I don't thrive on it -- I kinda hate it -- but I am the type that looks for a compromise, but if I am being pushed into something that goes beyond my set goals or my level of comfort, then I won't back down.

Also, this is weird to me, because it doesn't really have anything to do with M; she has a hostile relationship with her sister, and I don't see it as my place or responsibility to prepare and deliver a meal to my fiance's ex-sister-in-law, so that my finace's ex can feel like she's being a good sister.

But like you said, David, quilt families (I like that term) are Le Weird. Like always, I am using the Buffy Board and a sounding board. I can get my petty and eyerolling out here, and then be reasonable and logical other places.

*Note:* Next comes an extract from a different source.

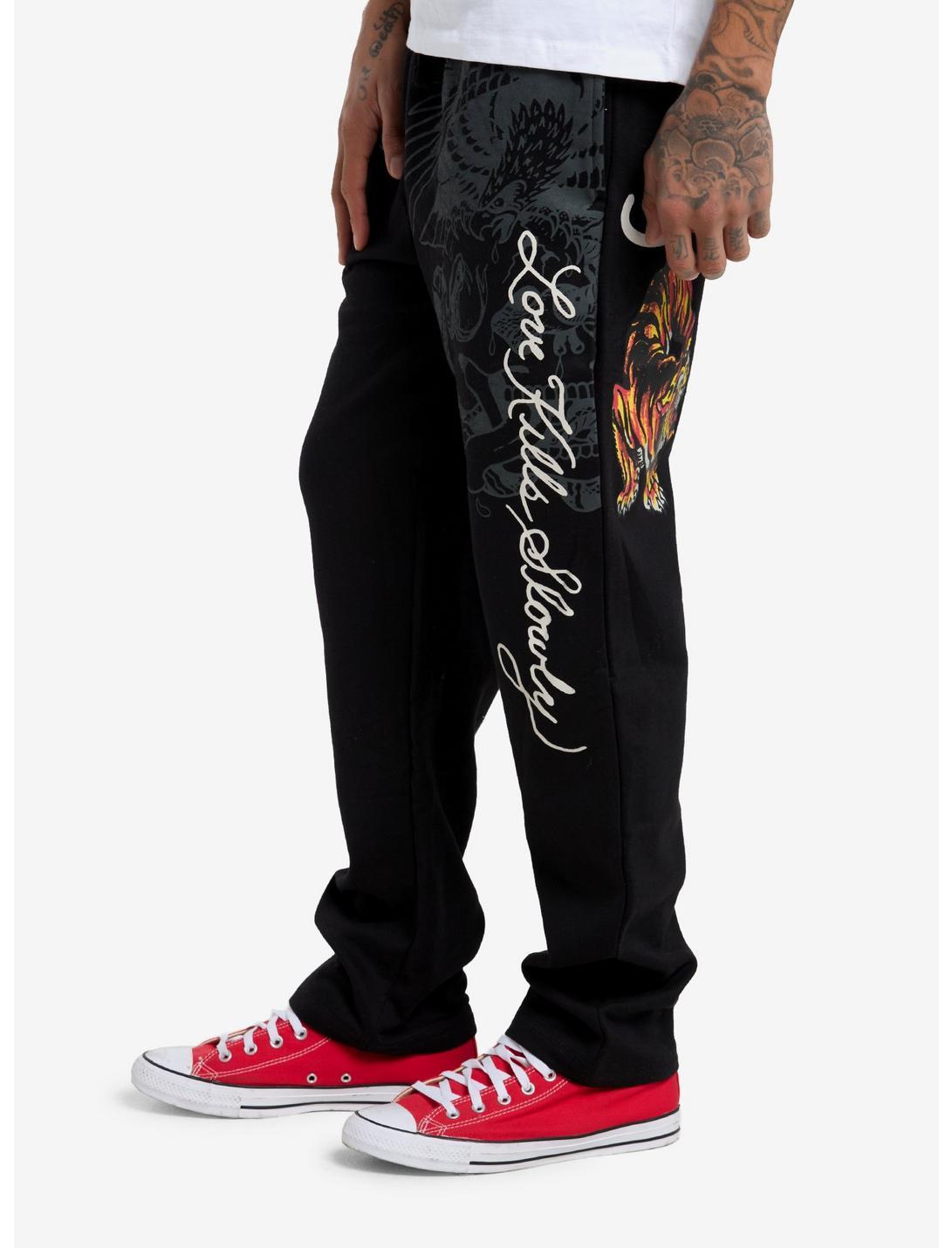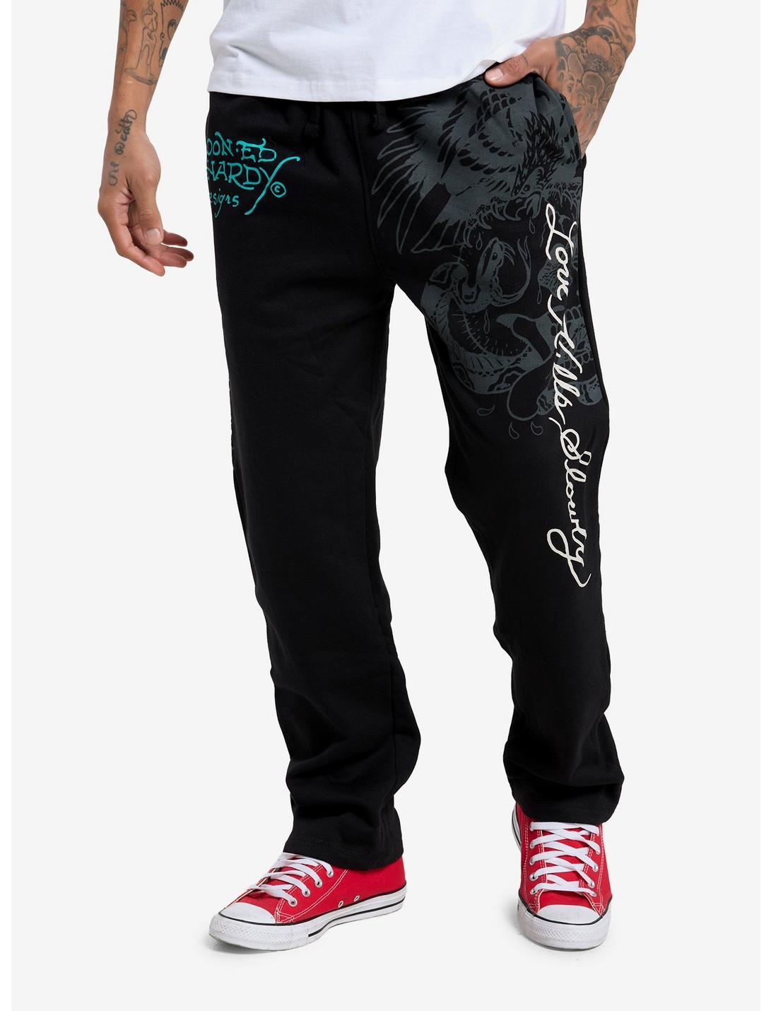 The legendary Ed Hardy is here to stay. These black sweatpants are decorated with colorful and greyscale images of his tattoo designs, such as a tiger and an eagle fighting a snake. His various logos appear on the front and across the back, as well as the phrase "Love Kills Slowly". These sweatpants have an elasticated, drawstring waistband, side pockets and a back pocket.60% cotton; 40% polyesterWash cold; dry lowImportedListed in men's/unisex sizesModel is 6'1"Model wears size Medium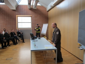 Nach einer Begrüßung durch den Kommandanten der Berufsfeuerwehr Bozen, Dr.-Ing. Ernst Preyer, referierte Franco Magrin, Offizier der Berufsfeuerwehr Belluno über die Organisation der Staatlichen Feuerwehr in Italien, mit besonderem Schwerpunkt auf die Strukturierung und die Abläufe im Falle eines Katastropheneinsatzes. Der Organisatorische Aufbau wurde dann am Beispiel des Erdbebeneinsatzes in l'Aquila den Teilnehmern erklärt.

Steph L. - Feb 10, 2010 9:55:12 am PST #9708 of 30000
this mess was yours / now your mess is mine

It was just that this was a kinda weird request to me; it'd be different if her sister was someone that we, or that D. was still close to, but it's a fairly loose relationship.

Erin, I think it's weird, too. It would be like my dad asking my stepdad to go visit my uncle in the hospital. It's kind of...random.


Gudanov - Feb 10, 2010 10:00:33 am PST #9709 of 30000
Coding and Sleeping

Happy to be a sounding Board. And, yes, that does seem odd.